The City of Cape Town has defended its housing allocation policy, in response to a disabled man’s plea for housing for the vulnerable.

Last week, Green Park resident Raymond Mtati led a group of his neighbours on a 30km overnight march from the informal settlement near Driftsands to the Civic Centre.

Mtati used crutches because of his lame left leg, a result of being shot in the 1980s. It took the group about 18 hours to reach the CBD.

At the Civic Centre they received a heroes’ welcome from residents who had travelled in to picket for housing and relocation.

Mtati said the gesture showed how frustrated Green Park residents were with their living conditions, including regular winter floods.

In a petition to mayor Patricia de Lille, Mtati called on the City of Cape Town to relocate the settlement’s disabled, elderly and young children.

Tandeka Gqada, mayoral committee member for human settlements, said the city was under pressure from land and resource shortages but acknowledged the frustration of people who had been on the housing waiting list for years.

“Balancing the community’s desire to benefit from the housing project within their area, the desperation of those who have been on the list for sometimes as long as 20 years, and the needs of disabled and marginalised residents in Cape Town – all while dealing with a crippling land and resource shortage– is a tricky proposition, and may leave some residents feeling that their needs have been ignored.”

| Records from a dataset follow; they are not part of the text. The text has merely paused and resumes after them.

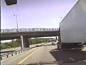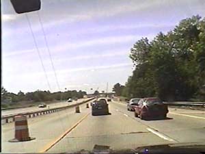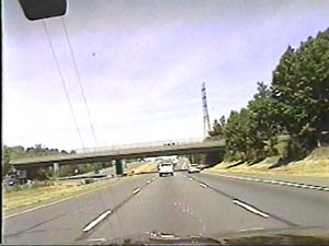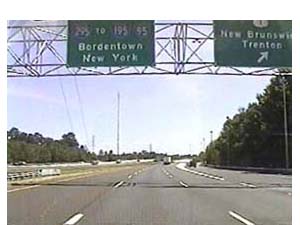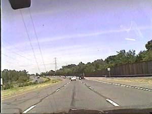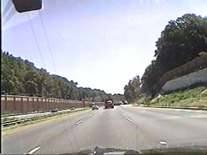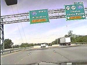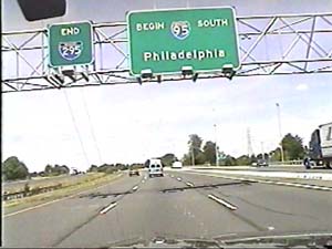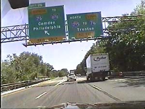 | This is the Camden Freeway, I-295 north, just north of exit 61(Arena Drive, Whitehorse Avenue, Olden Avenue) in Hamilton Township. Filmed August 10, 1999. |
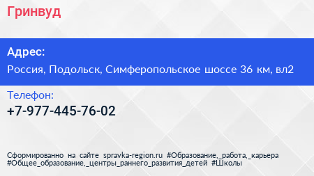 Гринвуд по адресу Строительный рынок "Покров", Симферопольское шоссе (дублёр), Сельхозтехника, городской округ Подольск, Московская область, Центральный федеральный округ, 142116, Россия в дальнейшем Организация, размещена в следующих категориях:
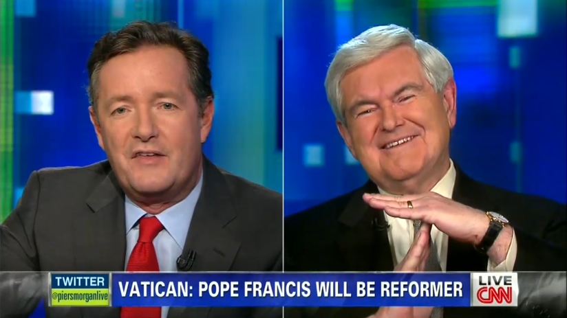 Amidst the liberal media's fixation on Pope Francis upholding Catholic teaching on sexuality, Newt Gingrich knocked their wishes of liberal "reform" on Wednesday's Piers Morgan Live.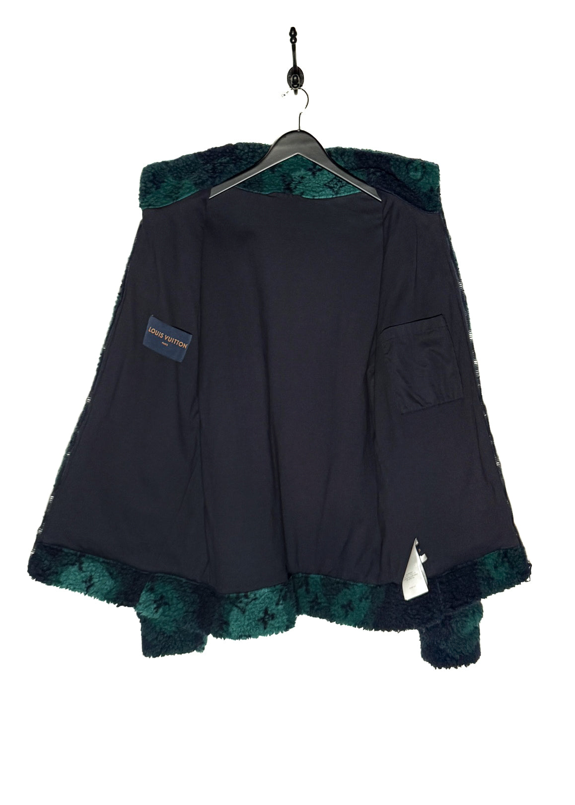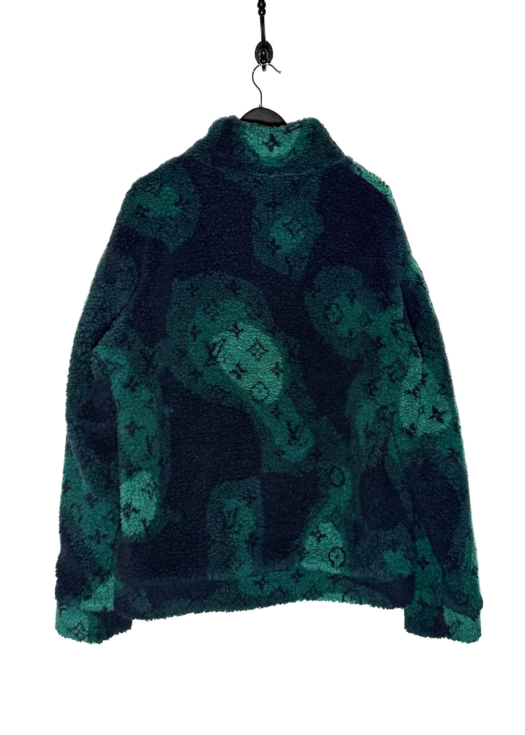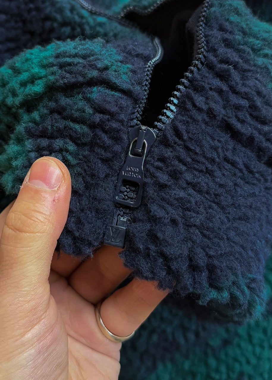 Soft fleece in polyester and wool blend. Camouflage-inspired effect with iconic monogram pattern throughout in navy blue and green tones. High stand collar. Full front zip closure with navy blue LV-engraved hardware. Side welt pockets. Interior pocket. Soft cotton lining. Comes with original Louis Vuitton tags and purchase receipt. Made in Italy.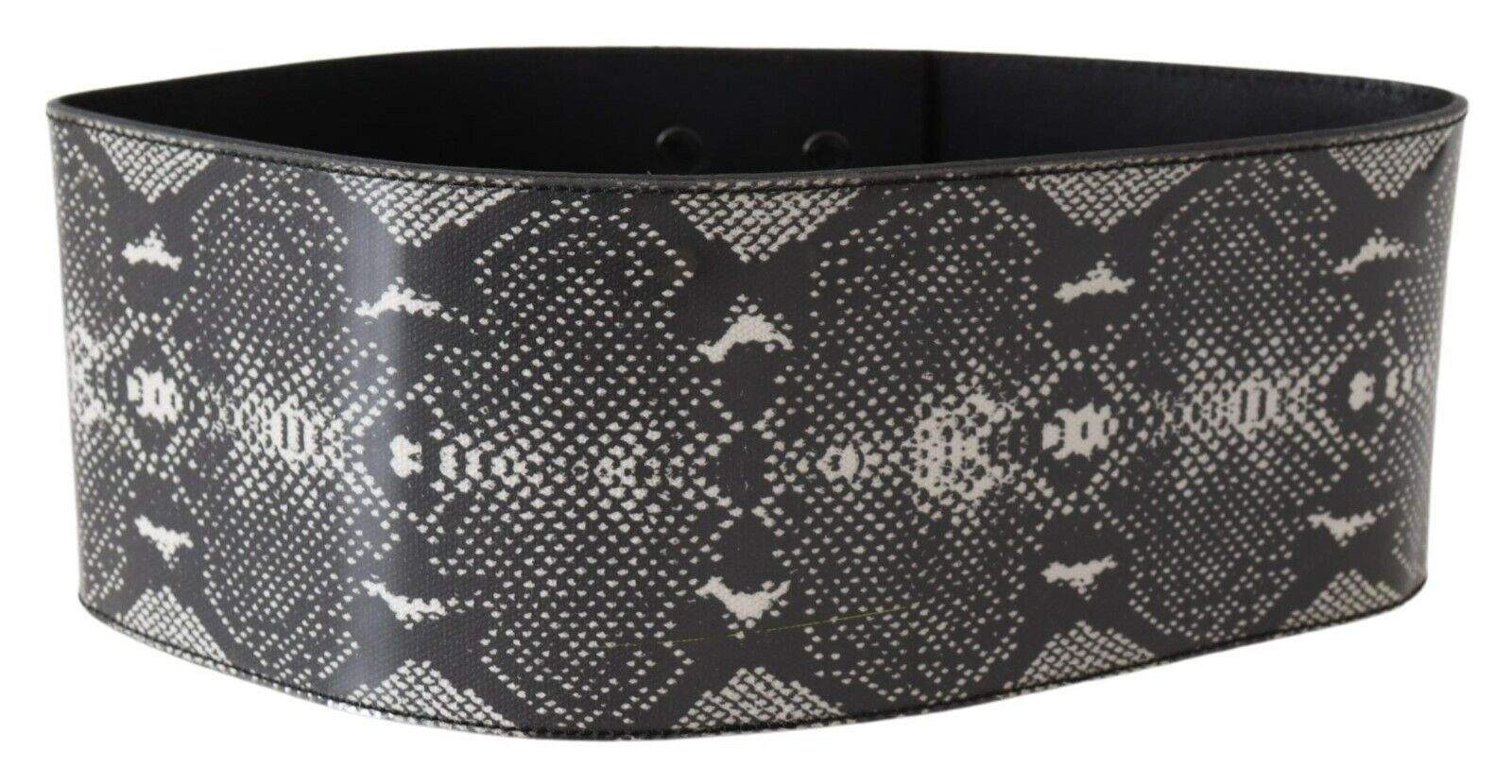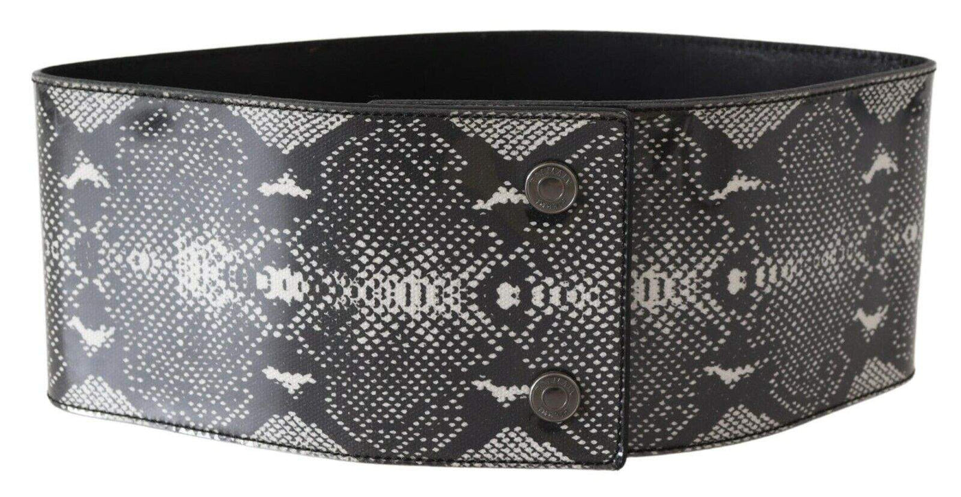 Ermanno Scervino Black Wide Leather Snakeskin Design Waist Belt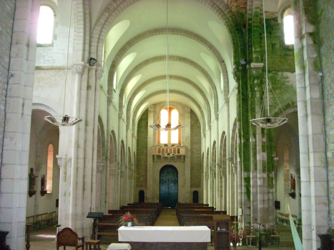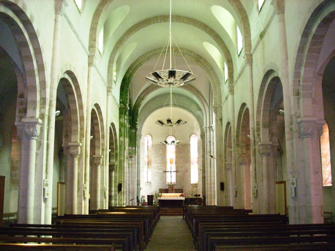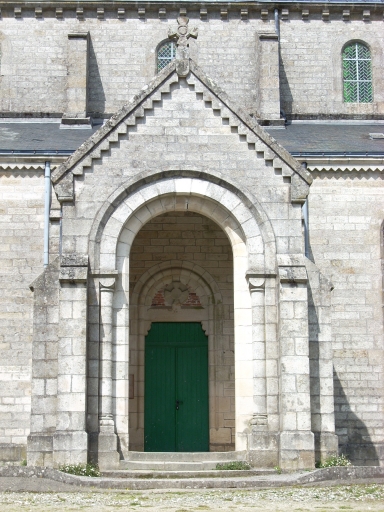 Edifice de plan en croix latine, à trois vaisseaux. Chevet semi-circulaire flanqué au nord d'une sacristie hors-oeuvre de plan octogonal, à comble à surcroît. Clocher semi-hors-oeuvre flanqué d´une tour octogonale jusqu´à la chambre des cloches fermée amortie d'une flèche ajourée, encadrée à sa base par quatre frontons et quatre clochetons aigus. Gros oeuvre en moellon et brique couvert partiellement d´un enduit clair, à l´exception du massif occidental, des encadrements des baies et des chaînages d´angle, en pierre de taille de granite. Choeur en hémicycle flanqué de deux chapelles latérales ouvrant sur les bras du transept. Nef à cinq travées éclairée par des fenêtres hautes et flanquée de deux porches symétriques hors-oeuvre, au niveau de la troisième travée. Voûte en plein cintre avec grandes arcades reposant sur des chapiteaux soutenus par des colonnettes engagées de fond. Arcades en plein cintre pénétrant dans les piliers à colonnes engagées portant des chapiteaux à motifs végétaux et animaliers. Sol couvert de dalles de granite.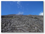 さらに登って行くと、植生はオンタデばかりになりました。オンタデの「オン」は木曽の御嶽山に由来する名だそうです。五年前の9月下旬に登った浅間山では、紅葉したオンタデが黒い火山礫の山肌に美しい彩を与えていました。富士山では本八合目より上になると、オンタデも見られなくなり、肉眼には岩と砂礫だけの世界になっていきます。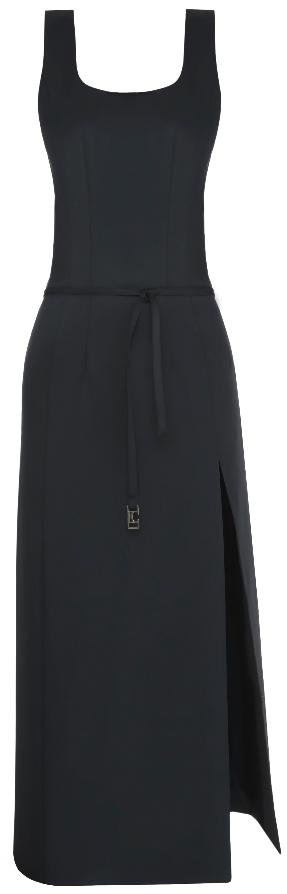 Low Classic's Blue Green Midi Dress is minimal and flattering to seamlessly work into regular rotation. Cut from lightweight suiting fabric to update day-to-day with a dose of comfort, the piece features a slim fit along with a tank top reminiscent upper top and a thigh-high slit for a slightly alluring touch.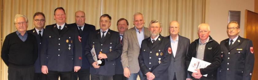 Für langjährige Mitgliedschaft wurden geehrt (von links): Dieter Zurek (25 Jahre), Georg Helfrich (Kommandant), Manfred Müller (40 Jahre), Karl Willi Müller (40 Jahre), Christian Breitenbach (45 Jahre), Wolfgang Schmid (45 Jahre), Dieter Gundelach (50 Jahre), Walter Erb (50 Jahre), Walter Gutmann (50 Jahre), Georg Gundelach (65 Jahre).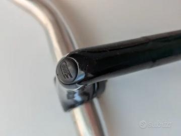 Componenti ideali per restauro bici da corsa d’epoca, progetto eroica o allestimento vintage. Il manubrio in alluminio mantiene una buona struttura con normali segni d’uso. La pipa presenta segni superficiali coerenti con l’età ma senza crepe o deformazioni. Le leve freno Saccon sono complete e funzionanti, con coprileva originali.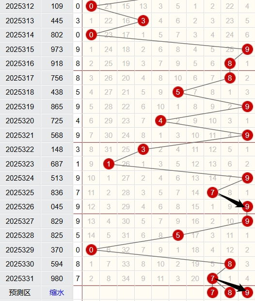 上期跨度为9,近5期跨度开出情况:第25327期开出7,属于奇数,1路号码,火属性;第25328期开出6,属于偶数,0路号码,水属性;第25329期开出7,属于奇数,1路号码,火属性;第25330期开出5,属于奇数,2路号码,土属性;第25331期开出9,属于奇数,0路号码,金属性;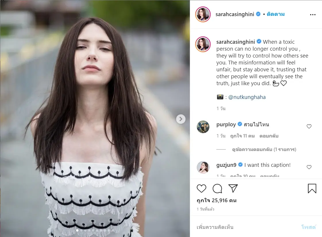 โดยล่าสุดซาร่า ได้โพสต์ข้อความระบุว่า “When a toxic person can no longer control you, they will try to control how others see you. The misinformation will feel unfair, but stay above it, trusting that other people will eventually see the truth, just like you did.”
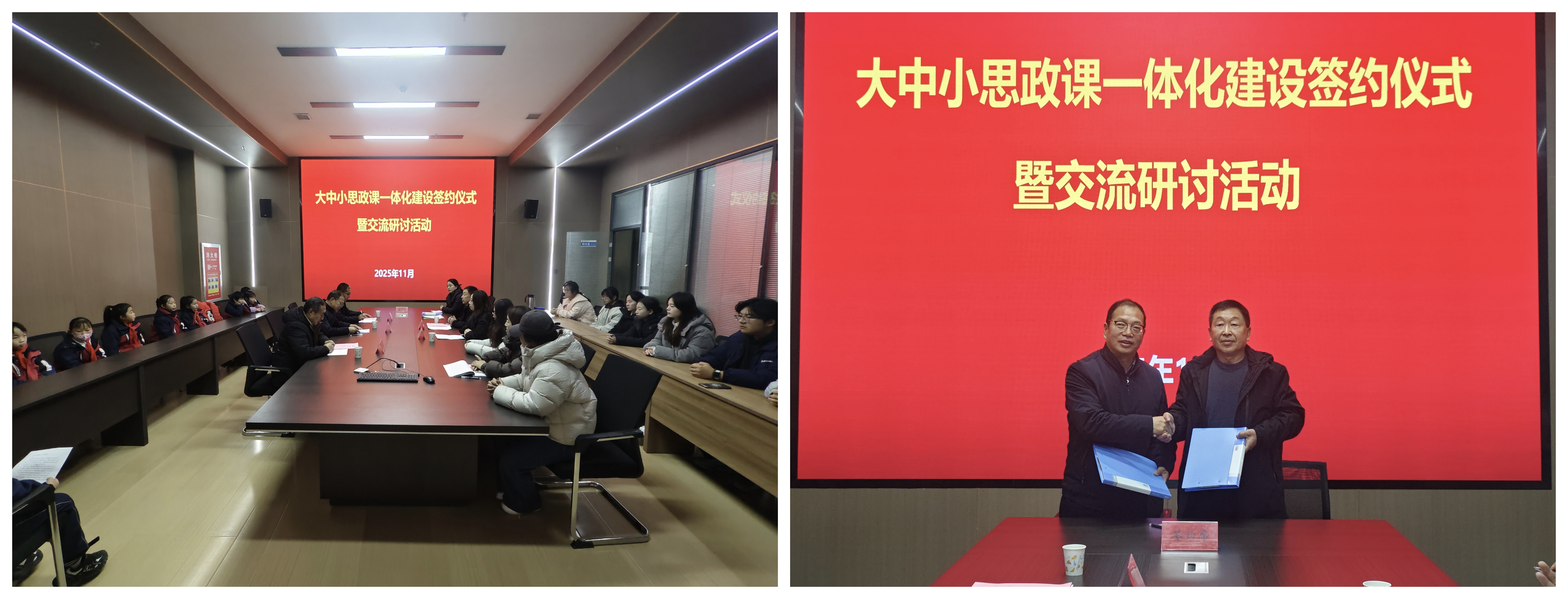 簽約儀式上,劉心和徐主年分別致辭,雙方共同簽署了《大中小學思政課一體化共建協(xié)議書》,并圍繞共建目標、合作內(nèi)容與實施機制進行了深入交流。此次合作簽約為院校雙方搭建了資源共享、優(yōu)勢互補、協(xié)同育人的平臺,希望雙方在師資隊伍共建、實踐資源共享、課程創(chuàng)新突破等方面多維度協(xié)同推進,不斷探索一體化建設的長效機制,打破各學段在課程、資源、師資等方面的壁壘,實現(xiàn)有機銜接,促進優(yōu)質(zhì)教學經(jīng)驗互鑒、特色教學模式推廣,共同提升立德樹人效果。

Gqada had little to say about Green Park in particular, adding that a record of Mtati at a Delft address did not indicate he was disabled. She encouraged him, and other disabled people who wanted to be prioritised on the waiting list, to provide proof of their disability to their local housing office.

Mtati dismissed Gqada’s response as “box thinking”.

“It is the usual policy talk which actually bears no fruit. We are going to compel them to account, even if we have to go to court to force the city to act on our grievances,” he said.

He added that Gqada’s reference to him as an individual indicated that she did not understand the point of his “awareness march”.